**INSTRUCTIONS TO FOLLOW**
Each entry has to be given again in its exact wording, and no picture may appear in the result.

**RECORD SET**
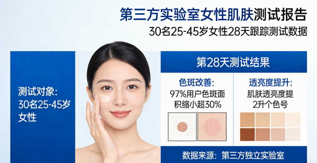 为精准验证后西施美白祛斑霜的美白淡斑实效,品牌联合第三方权威检测机构,开展为期28天的专项测评,严格筛选30名25-45岁女性受试者,涵盖干性、油性、混合性、敏感性四种肤质,均存在不同程度的肤色暗沉、色斑(晒斑、痘印、轻度黄褐斑)问题,所有受试者严格按照产品使用说明每日使用,测评结果真实可查、严谨可信,具体如下:
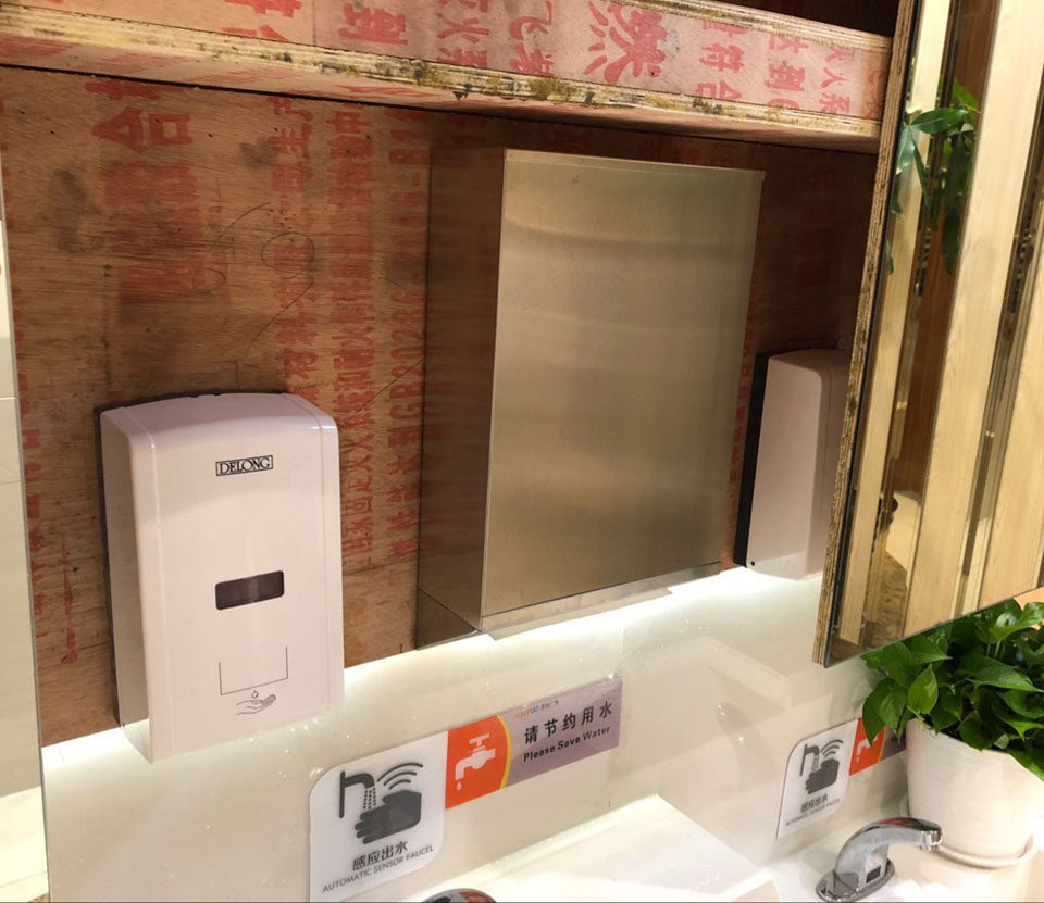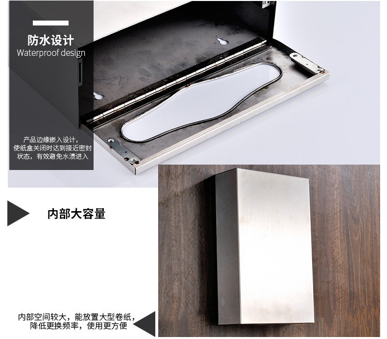 304 Зеркало после вытирания туалетного туалетного зеркала для бумажного полотенца после скрытой спрятанной темно -нагруженной ручной бумажной полки из нержавеющей стали
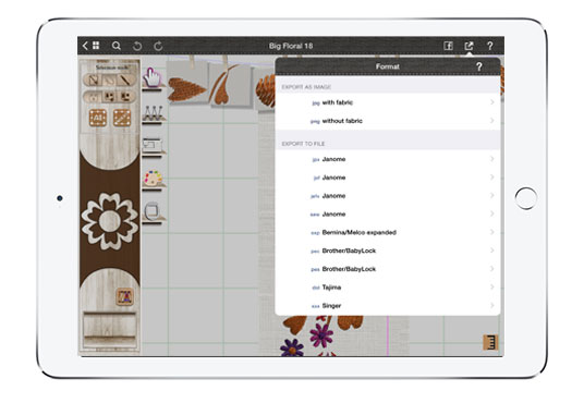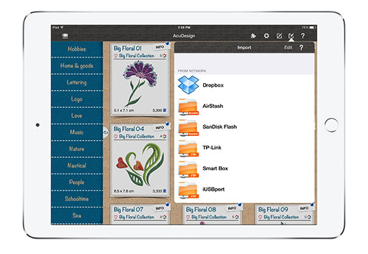 Import previously saved, edited or downloaded designs. Users can import designs by connecting to PC or MAC, or wirelessly via Dropbox or Airstash.
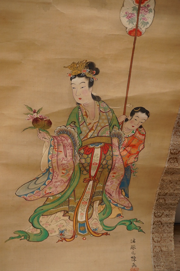 Lot 1417 , Japanese school, Meiji period, ink and colour on silk, scroll, with brocade borders, boxed, approx, 169 cm long x 147 cm wide
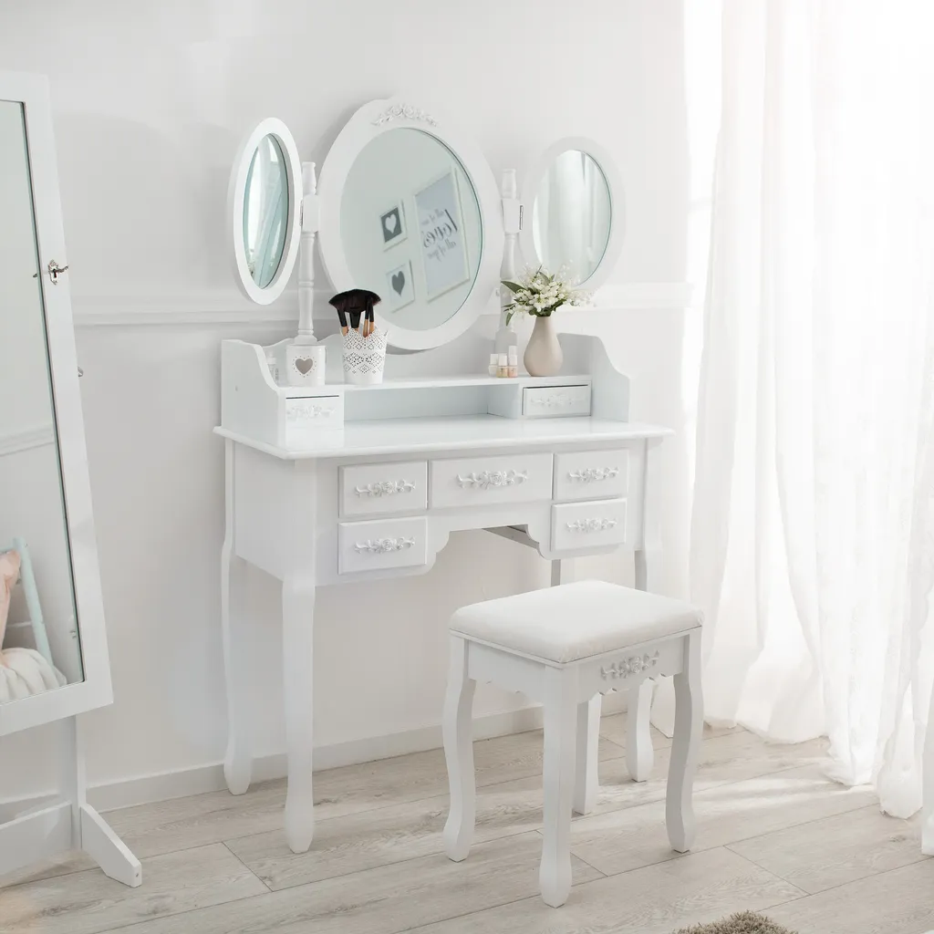 Tectake Schminktisch Mit 7 Schubladen, Spiegel Und Hocker Im Antik Look – Weiß
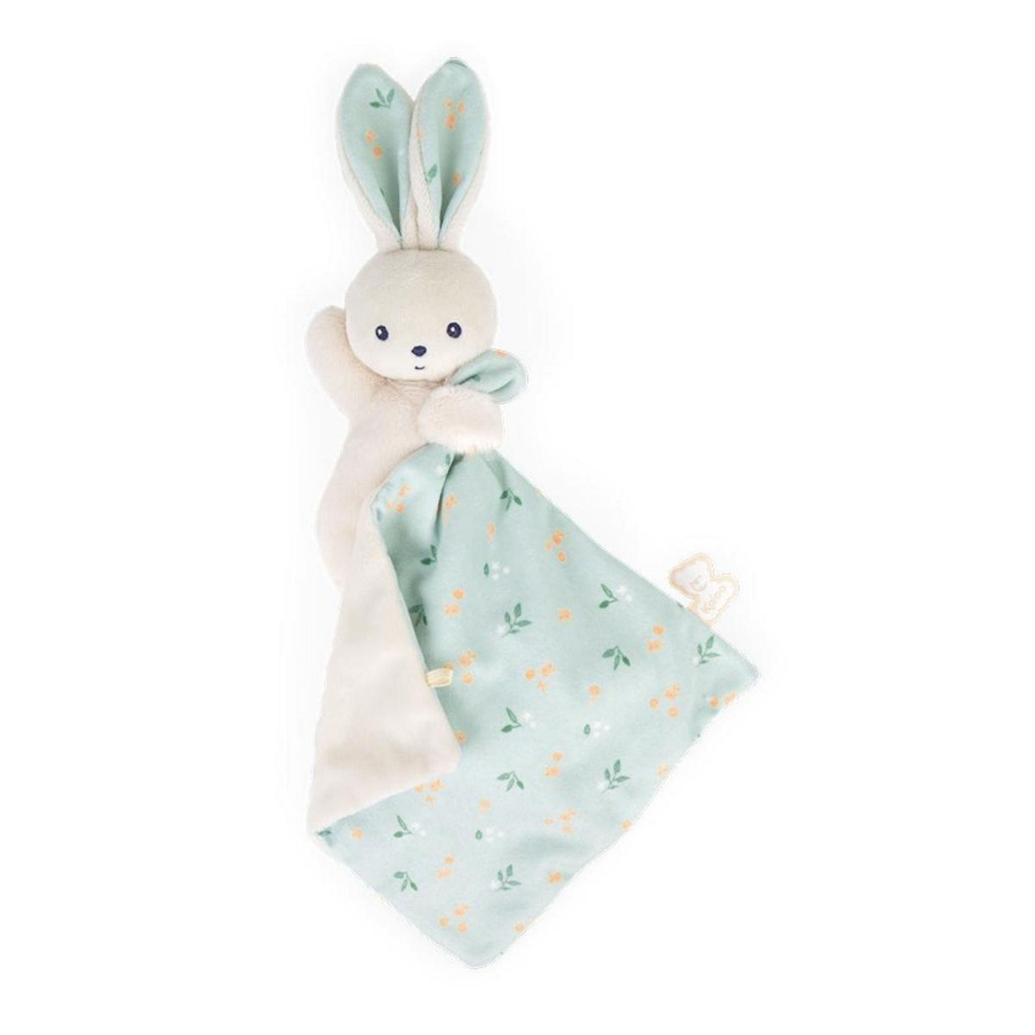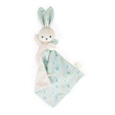 Ce doudou lapin enveloppé dans son carré de douceur sera le compagnon préféré de bébé. Avec son petit corps moelleux en micro-velours, le lapin est facile à aggriper et à tenir par le corps ou ses longues oreilles. Le doudou plat vert d'eau carré entre ses mains est habillé de citrons qui partagent

**TASK RESULT**
 为精准验证后西施美白祛斑霜的美白淡斑实效,品牌联合第三方权威检测机构,开展为期28天的专项测评,严格筛选30名25-45岁女性受试者,涵盖干性、油性、混合性、敏感性四种肤质,均存在不同程度的肤色暗沉、色斑(晒斑、痘印、轻度黄褐斑)问题,所有受试者严格按照产品使用说明每日使用,测评结果真实可查、严谨可信,具体如下:
 304 Зеркало после вытирания туалетного туалетного зеркала для бумажного полотенца после скрытой спрятанной темно -нагруженной ручной бумажной полки из нержавеющей стали
 Import previously saved, edited or downloaded designs. Users can import designs by connecting to PC or MAC, or wirelessly via Dropbox or Airstash.
 Lot 1417 , Japanese school, Meiji period, ink and colour on silk, scroll, with brocade borders, boxed, approx, 169 cm long x 147 cm wide
 Tectake Schminktisch Mit 7 Schubladen, Spiegel Und Hocker Im Antik Look – Weiß
 Ce doudou lapin enveloppé dans son carré de douceur sera le compagnon préféré de bébé. Avec son petit corps moelleux en micro-velours, le lapin est facile à aggriper et à tenir par le corps ou ses longues oreilles. Le doudou plat vert d'eau carré entre ses mains est habillé de citrons qui partagent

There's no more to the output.